Hi. Uhm. I had sex and I regret it so much. I'm only 15. We used protection and stuff so that's fine but.... I wish I didn't do it. He really wanted to and I was like, "Hey. Why not?" and I feel like if I hadn't done it he would've broken up with me. :( I'm scared my mom finds out because he told his friends and his friends have a tendency to spread stuff and I'm terrified it reaches the principal. Cuz principal = parents usually. What do I do now? I want to tell my mom so I can cry and
she can reassure me, but if she finds out and tel’s my dad…. they’ll disown me. I remember my dad used to say, “If I ever find out you have sex now, O____, you’re a goner.” I hate myself.
First of all, let me give you a big, stinkin’ hug. You sound like you’ve been run through the wringer, and I want you to know that you will be okay and that I’m here to listen. Now, there are a couple of things I’ll ask for your well-being (you don’t have to answer me, but know the answers for yourself).
1. How old is your boyfriend? Is he over 18, even just a little? If so, you need to tell an authority figure because that is statutory rape and is illegal.
2. Did you wholeheartedly tell him “yes”? In the moment, did you absolutely want to do it and did you tell him “Yes, I want to do this”? If you didn’t, or if he pressured you in any way, that also counts as rape and you must tell an authority figure.

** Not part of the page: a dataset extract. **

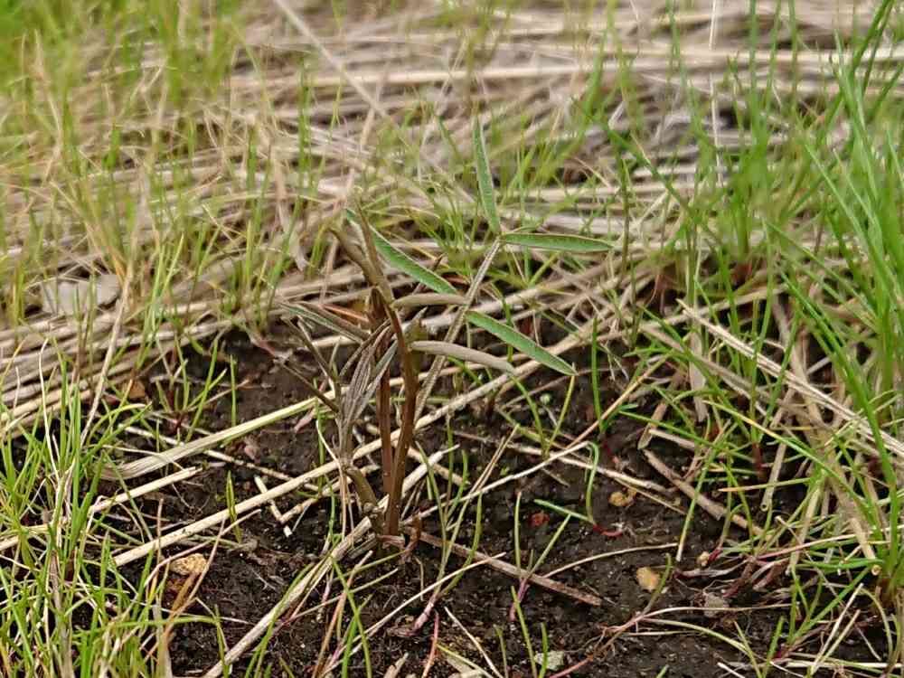柑橘の下草として、2月末に種を蒔いたへアリーベッチ(ナヨクサフジ:弱草藤)の芽が出ていました。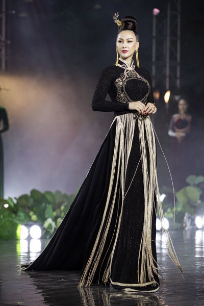 BST "Vàng son đất Việt" này, NTK Nhật Dũng tiếp tục mời Hoa hậu Nhân ái Linh Huỳnh tham gia trình diễn BST của mình.

If neither of these two things is an issue, you’re on surer ground, but you still have some things to deal with. First of all, did you give him permission to talk to his friends about it? They have no right to be spreading your private matters around. If it does reach the principal, you have just as much a case against them for violating your privacy. I know that’s not your major concern, but keep that in mind.
I’m sorry you felt like you had to have sex so that your boyfriend wouldn’t break up with you. But I think you need to ask yourself if that’s a relationship worth keeping. If something so small would cause him to walk away, what would make him stick around through even bigger challenges? I know you’re both young, but I think you need to value yourself in this case and ask yourself if he’s the kind of guy who was in it for one thing or not. Sadly, those sorts of guys do exist. It doesn’t mean he didn’t like you, but if he made you feel like he was going to leave if he didn’t get sex from you, it means he really didn’t value you as a whole person or respect your perspective.
When it comes to your parents, I understand being afraid to tell them, especially if they have made threats like that before. Were those things said in a joking or hyperbolic way? Do you trust that your parents won’t put their money where their mouth is? It could be, when actually faced with a situation where their child is hurt and upset, that they might not go through with what they claimed. I don’t know your parents, but this is a possibility. If you’re sure they’ll act on what they’ve said, find another authority figure in your life. A friend’s mom, maybe. A trusted aunt, uncle, or cousin. Even a teacher you know and trust should be able to help you with this and not involve the principal or your parents if you tell them your concerns. If you have absolutely no one irl to talk to about this, here’s a Sex Ed Hotline for teens (includes text/chat options), and they can give you more specific advice for your situation.
I’m sorry, honey. This sounds like a difficult situation to navigate. But I want you to know that you are not broken or dirty or a failure because of this. You made a decision that you now regret, and that’s all there is to it. I’m very proud that you used protection. But even as you work through this tough phase, take the opportunity to learn something about yourself, your sexuality, and your expectations from your partners in the future. Read up more about how to know you’re really ready, and don’t rush into it. Again, you’re not a failure, nor should you hate yourself. You’re young. Use the opportunity to learn and grow as a person. I hope you can work something out with your parents, and if you can’t, take care of yourself first and foremost. I’ll be thinking of and praying for you.